Law of Multiple Proportions

Lesson Progress

0% Complete

Topic Content:

Law of Multiple Proportions
Verification of the Law

The law states that if two elements A and B combine together to form more than one compound, the various masses of B which combine with a fixed mass of A are in a simple whole-number ratio. e.g. 1:2, 2:1, 1:3, 3:2, etc.

Verification of the Law:

Weigh two clean metal boats, weigh them again containing pure copper(I) oxide (Cu₂O) and copper(II) oxide (CuO) respectively. Reduce the oxide to copper by using hydrogen gas as described in the experiment on the Law of Definite Proportion.

The mass of copper which combined with a fixed mass of oxygen is found in both samples. The masses are in a simple ratio.

i. \( \scriptsize Cu_2O_{(s)} \: + \: H_{2(g)} \: \rightarrow \: 2Cu_{(s)} \: + \: H_2O_{(g)} \)

ii. \( \scriptsize CuO_{(s)} \: + \: H_{2(g)} \: \rightarrow \: Cu_{(s)} \: + \: H_2O_{(g)} \)

Sample	Sample I	Sample II
	Cu₂O	CuO
Mass of oxide	3.04 g	1.91 g
Mass of Cu residue	2.55 g	1.38 g
Mass of oxygen removed from the oxide	0.49 g	0.53 g

In order to show that these figures conform to the law of multiple proportions, use 1 g or 100 g as a fixed mass.

In sample I:

0.49 g of oxygen combined with 2.55 g of Cu using 1 g as fixed mass.

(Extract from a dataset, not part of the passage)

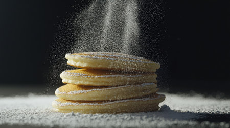 Elegant tower of five pancakes, sugar mist mid-motion, dramatic shadows, studio lighting, hyper-detailed realism, darkened background

\( \frac{2.55g}{0.49g} \: \times \: \frac{1}{1} \\ \scriptsize = 5.20\: g \)

In sample II:

0.53 g of oxygen combined with 1.38 g of copper using 1 g as fixed mass.

\( \frac{1.38g}{0.53g} \: \times \: \frac{1}{1} \\ \scriptsize = 2.6\:g \)

The mass of copper that has combined with a fixed mass (1.0 g) of oxygen in samples 1 and 2 are in a simple ratio of 5.20:2.60, or 2:1 . Hence, the Law of multiple proportions is obeyed.

Example 8.4.1:

Carbon combines with oxygen to form two oxides A and B. Analysis of the two oxides show that:

(I) In oxide A, 57.1 g of oxygen combines with 42.9 g of carbon.
(II) In oxide B, 72.7 g of O₂ combines with 27.3 g of carbon.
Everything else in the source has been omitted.